Compute the Hankel functions H^(1)ₙ(x)=Jₙ+iYₙ and H^(2)ₙ(x)=Jₙ−iYₙ as complex numbers from order n and x, with magnitude, argument and the Bessel values Jₙ, Yₙ.

Input

Enter the order n (a non-negative integer) and a positive argument x to evaluate the first- and second-kind Hankel functions as complex numbers.

Non-negative integer

Positive real number

Result

First-kind Hankel function H^(1) of order 0, x = 3

-0.2600519549 + 0.37685001 i

Second kind H^(2), order 0, x = 3

-0.2600519549 − 0.37685001 i

Magnitude |H^(1)|

0.4578678295

Argument arg H^(1) (radians)

2.1748250513

Bessel function J of order 0

-0.2600519549

Neumann function Y of order 0

0.37685001

Graph of J and Y for order 0

J order 0

Y order 0

How it works

  • The Hankel functions are complex combinations of the Bessel functions of the first and second kind: H^(1)ₙ(x)=Jₙ(x)+iYₙ(x) and H^(2)ₙ(x)=Jₙ(x)−iYₙ(x).
  • The headline result is the first-kind Hankel function H^(1)ₙ(x).
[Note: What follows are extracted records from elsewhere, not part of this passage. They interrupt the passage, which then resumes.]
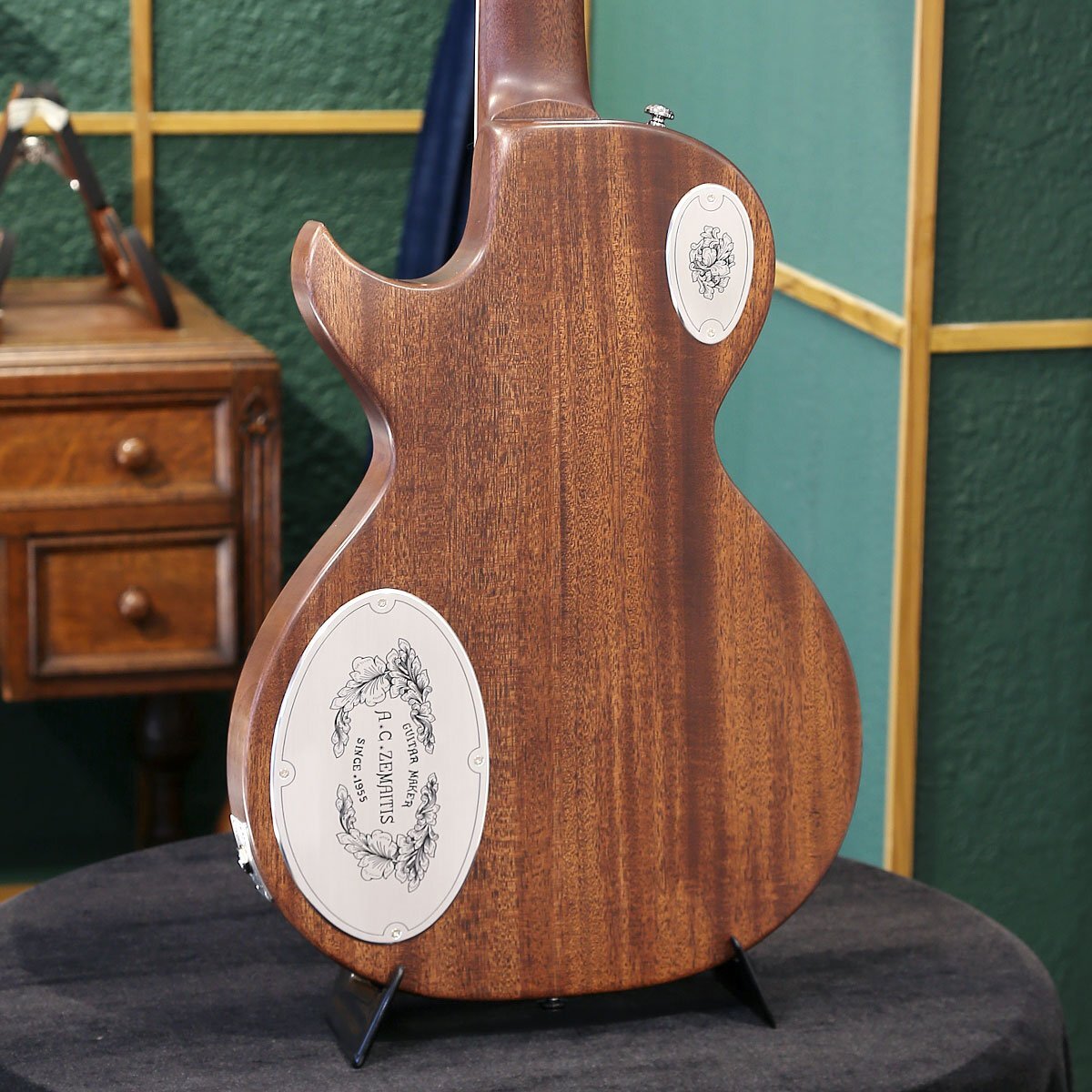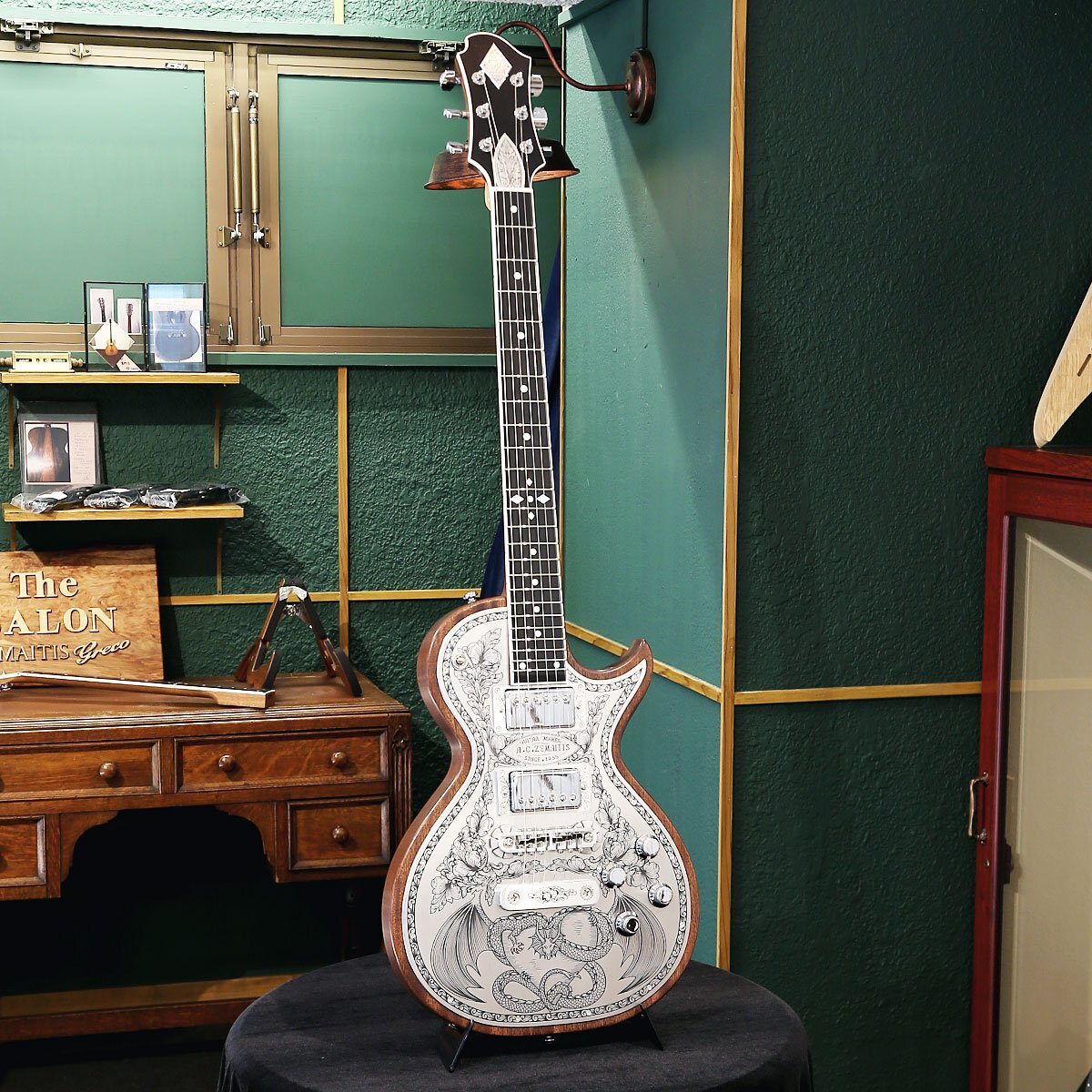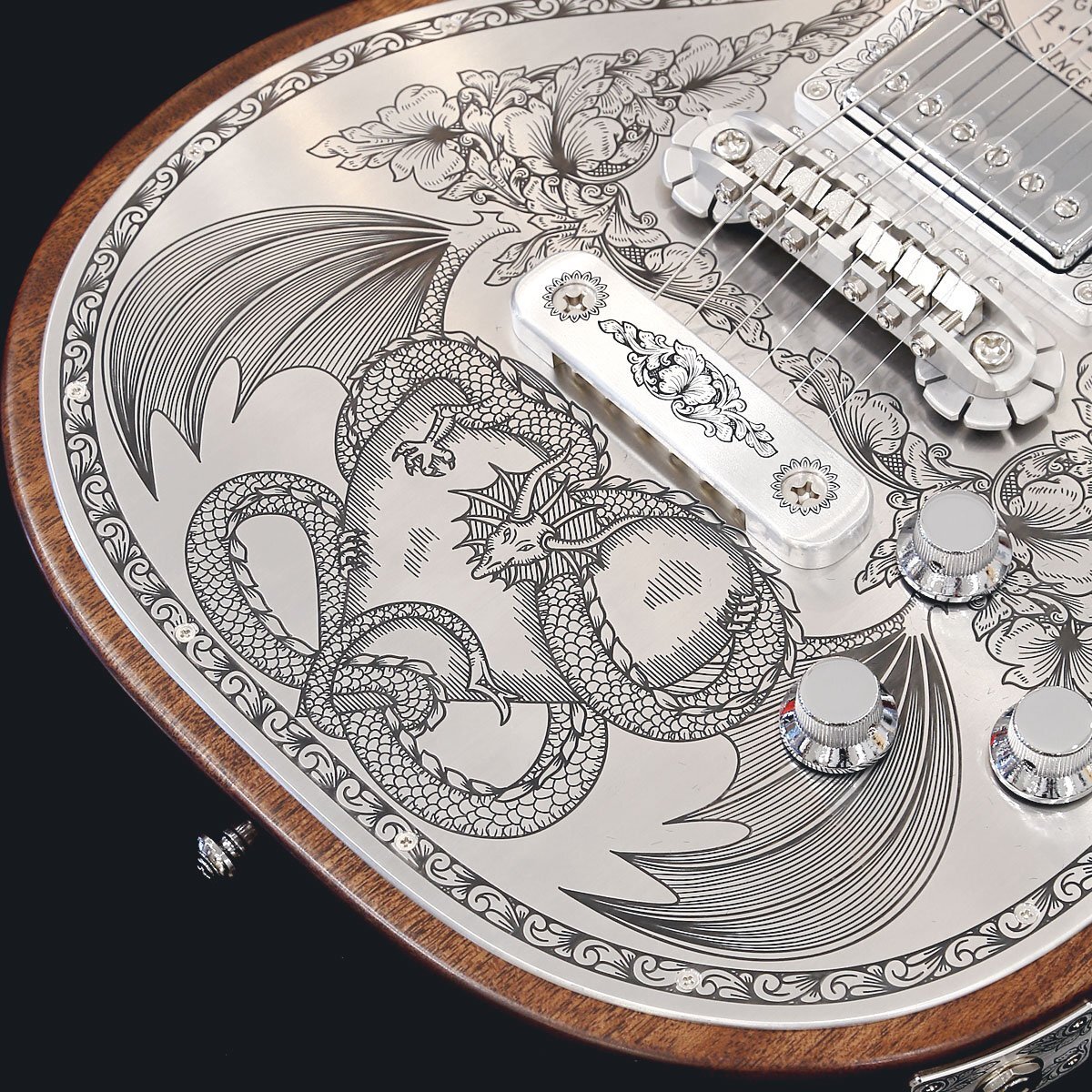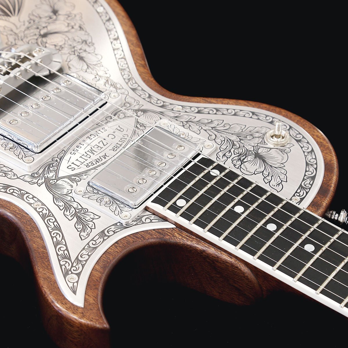 ゼマイティスより、トップに彫金装飾を用いたメタル・フロント・モデル「MFG-AC-24 Dragon & Heart」が登場しました。 MFG-AC-24はウェストのくびれが大きいシングル・カッタウェイのボディー・スタイルで、ボディーとネックに厳選されたアフリカン・マホガニー、フィンガーボードはエボニーを使用しています。 635mmのスケールで、セット・ネック・ジョイント、ミディアム・サイズの24フレット仕様で、ブリッジ後方に「Dragon & Heart 」のデザインを採り入れたモデルです。 「ドラゴン」と「ハート」という別々のモチーフを昔の映画のタイトルからヒントを得て、組み合わせて生まれたデザインです。 ゼマイティス・オリジナルのアルミ合金を使用したブリッジ&テイルピースを搭載し、ゼマイティス独自のトーンを生み出す要素となっています。 同様にアルミ合金を用いたヘッドのダイアモンド・エンブレム、トラスロッド・カバー、テイルピースやピックアップ・リングをはじめ、アウトプット・ジャック・プレート、コントロール&スイッチ・バック・プレートに至るまで装飾を施しています。 ピックアップは、メタル・カバード・タイプのDragon Classicハムバッカーを2基搭載、コントロールは定評のあるCTSポットを使用し、各ピックアップ・ヴォリュームと各ピックアップ・トーンのレイアウトです。 スイッチクラフト製の3ウェイ・ピックアップ・セレクター・スイッチを備え、トーンのキャパシターはオレンジ・ドロップを使用しています。 さらに信頼性の高いゴトー製のチューナーを使用しています。フィニッシュはラッカーを使用し、カラーはナチュラルとブラックの2カラーをラインナップしています。 英国発祥のゼマイティスらしさや伝統的なメタル・フロントならではのデザインを前面に出しつつ、最前線でプレイするギタリストやギター・テクニシャンたちへの徹底的なヒヤリングを重ね、現代のプレイヤーが求める要素を注入したモデルに仕上がっています。 ●2つのピックアップの間には、「A.C.ZEMAITIS SINCE1955」の文字が彫金されている。 ●ピックアップ・リングは、最新の弦の角度にあわせたアングル付きではなく、あえて従来のフラット・タイプを合わせることでクラシックな印象を持たせた。 ●「ドラゴン」と「ハート」という別々のモチーフを昔の映画のタイトルからヒントを得て、組み合わせて生まれたデザイン。 ●Back View: アルミ合金に装飾を入れた高級感のあるバック・プレートを装着。 SPEC ■Body Top: Duralumin ■Body Back: Select African Mahogany ■Neck: Select African Mahogany ■Neck Joint: Set neck ■Nut Width: 43mm (1-11/16") ■Nut: Bone ■Fingerboard: Bound Ebony ■Scale: 635mm (25") ■Frets: 24 Medium ■Neck Pickup: Dragon Classic Neck ■Bridge Pickup: Dragon Classic Bridge ■Radius: 305mm (12") ■Controls: 2 volume, 2 tone, 3-way toggle ■Tuners: Gotoh SG301-01-Chrome ■Finish: Lacquer ■Protection: Hard Shell Case ■Strings: Nickel Plated Steel (.010, .013, .017, .026, .036, .046) ■Colors: Natural |
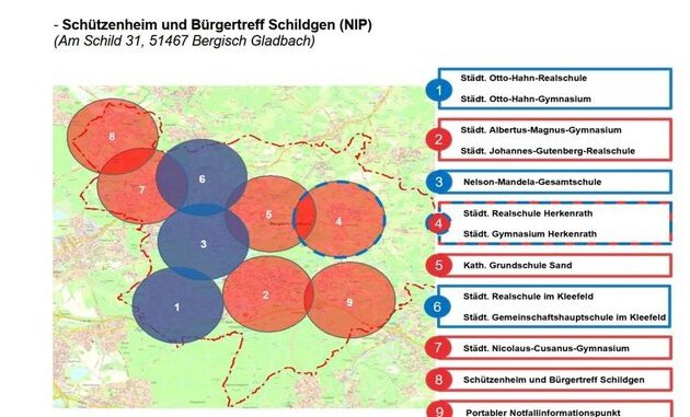 Die Notfallinformationspunkte befinden sich für Refrath in den Otto-Hahn-Schulen und ein mobiler Standort auf dem Peter-Bürling-Platz. In Bensberg wird am Albertus-Magnus-Gymnasium und an der Johannes-Gutenberg-Realschule ein Notfallinformationspunkt eingerichtet, für die Stadtmitte an der Nelson-Mandela-Gesamtschule. In Herkenrath werden die städtische Realschule und das Gymnasium genutzt, in Sand die katholische Grundschule. Für Paffrath und Hand stehen künftig das Schulzentrum im Kleefeld und das Nicolaus-Cusanus-Gymnasium zur Verfügung. Für die Schildgener Bürgerinnen und Bürger wird als Informationspunkt das Gebäude des Bürgertreffs eingerichtet.
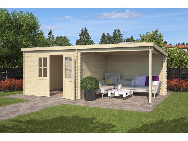 Deze blokhut met overkapping is voorzien van een schuin aflopend dak met de afwatering aan de achterzijde. Dit type blokhut met overkapping kan gespiegeld worden opgebouwd. In dat geval wordt het overkapte deel aan de linkerkant geplaatst en het dichte gedeelte rechts. De latten voor de 4-vlaks raamverdeling op de ruit in de deur worden los meegeleverd.
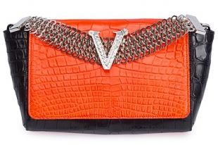 Các yếu tố trọng tâm được chọn trong bộ sưu tập chính là cây thánh giá và những sợi dây chuyền, phổ biến và mang tính biểu tượng cao. Với các họa tiết được in khắc sắc sảo, da và đinh tán và độ tương phản mạnh mẽ tạo nên sự quyến rũ không thể phủ nhận cho phụ kiện. Với tông màu đậm, được làm từ loại da có kết cấu đặc biệt, bộ sưu tập Thu 2012 của Versace giúp toát lên vẻ sang trọng, hợp thời cho phái nữ.
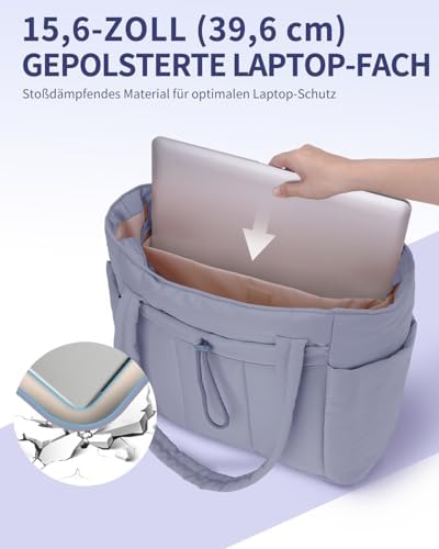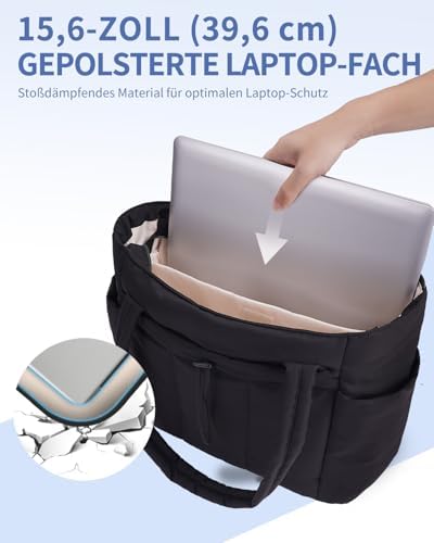 Ein separately, gepolstertes Fach bietet sicheren Transport für Laptops bis zu 15,6 Zoll. Mit insgesamt acht praktischen Innenfächern hilft diese Henkeltasche, alle wichtigen Dinge übersichtlich und leicht zugänglich zu organisieren.
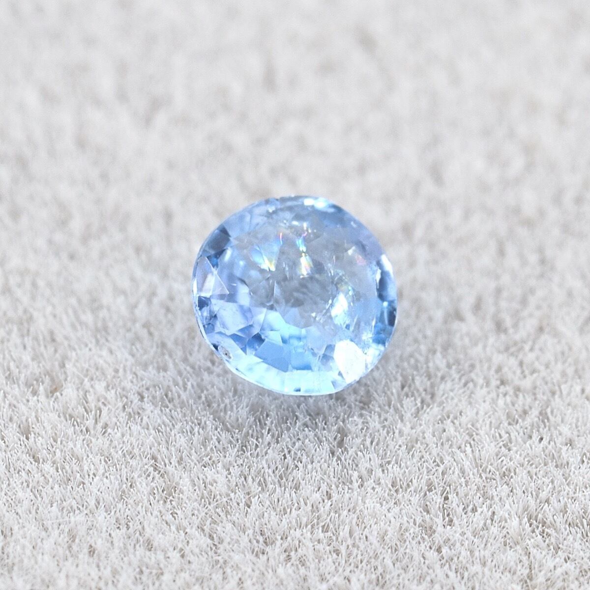 この子の特徴はなんといっても濃いめのブルーカラー。インクルージョンやカケが少しあります。そのぶん、クラックが虹を放つ人気のラウンドシェイプ。
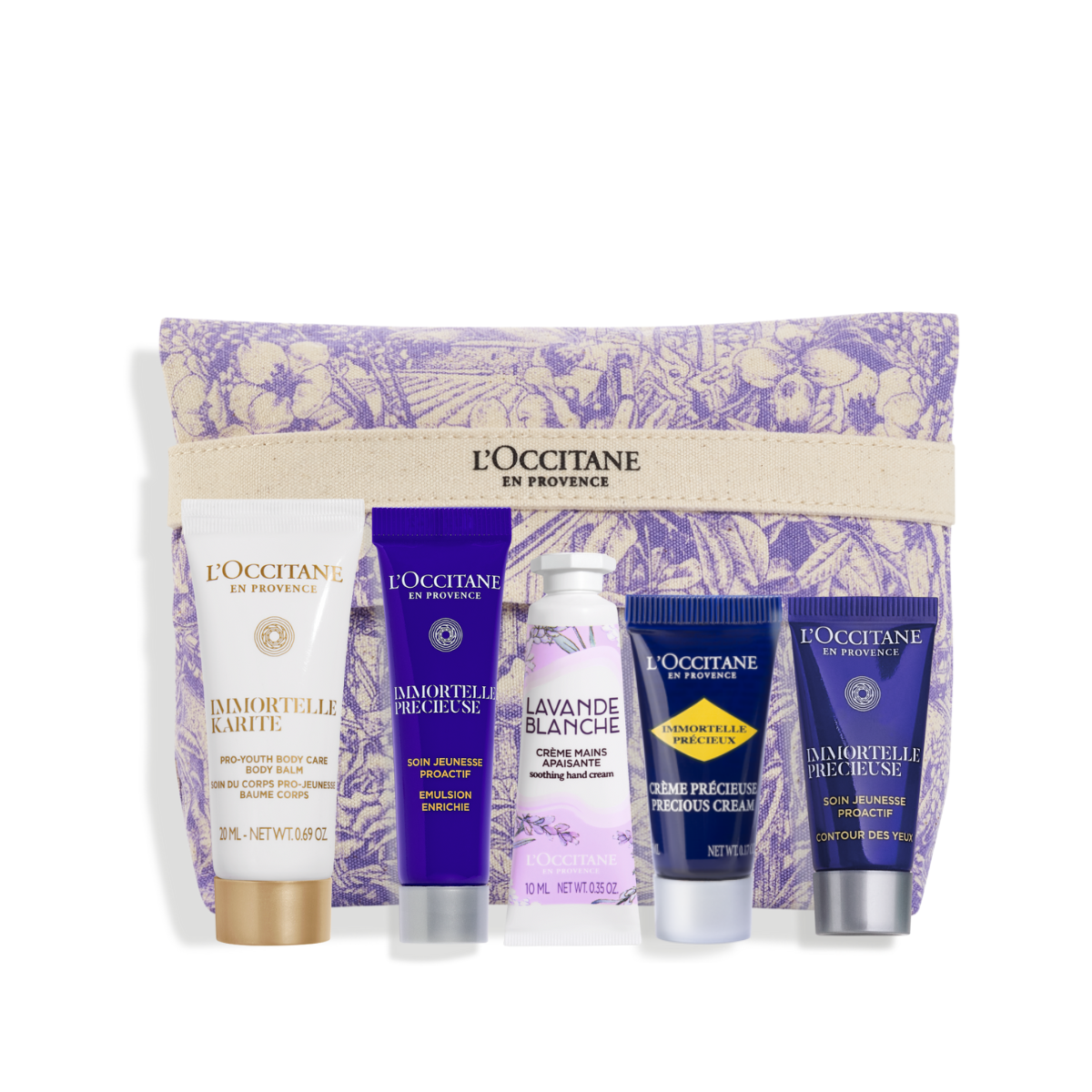 ערכת נסיעות לטיפוח הפנים והגוף שתעניק לעורכם מראה רענן, מוצק וזוהר! שילוב ייחודי של מוצרי אימורטל פרשס המטפחים את העור ומסייעים בהגנה מפני סימני גיל, לצד קרם ידיים בניחוח לבנדר מרגיע וקרם גוף עשיר להזנה עמוקה.

Its real part equals the Bessel function Jₙ(x) and its imaginary part equals the Neumann function Yₙ(x).
  • H^(2)ₙ(x) is the complex conjugate of H^(1)ₙ(x): it shares the same real part Jₙ(x) and has the opposite-signed imaginary part −Yₙ(x).
  • The magnitude is sqrt(Jₙ(x)^2 + Yₙ(x)^2) and the argument is atan2(Yₙ(x), Jₙ(x)) in radians.
  • Yₙ(x) diverges at x=0, so only positive values of x are accepted. The order n must be a non-negative integer.
  • Jₙ is computed from a Maclaurin series for small x and an asymptotic expansion for large x, with a numerically stable backward recurrence (Miller method) for higher orders. Yₙ uses series representations and forward recurrence.
  • Results are approximations from established numerical methods; small rounding errors may appear in the last displayed digits.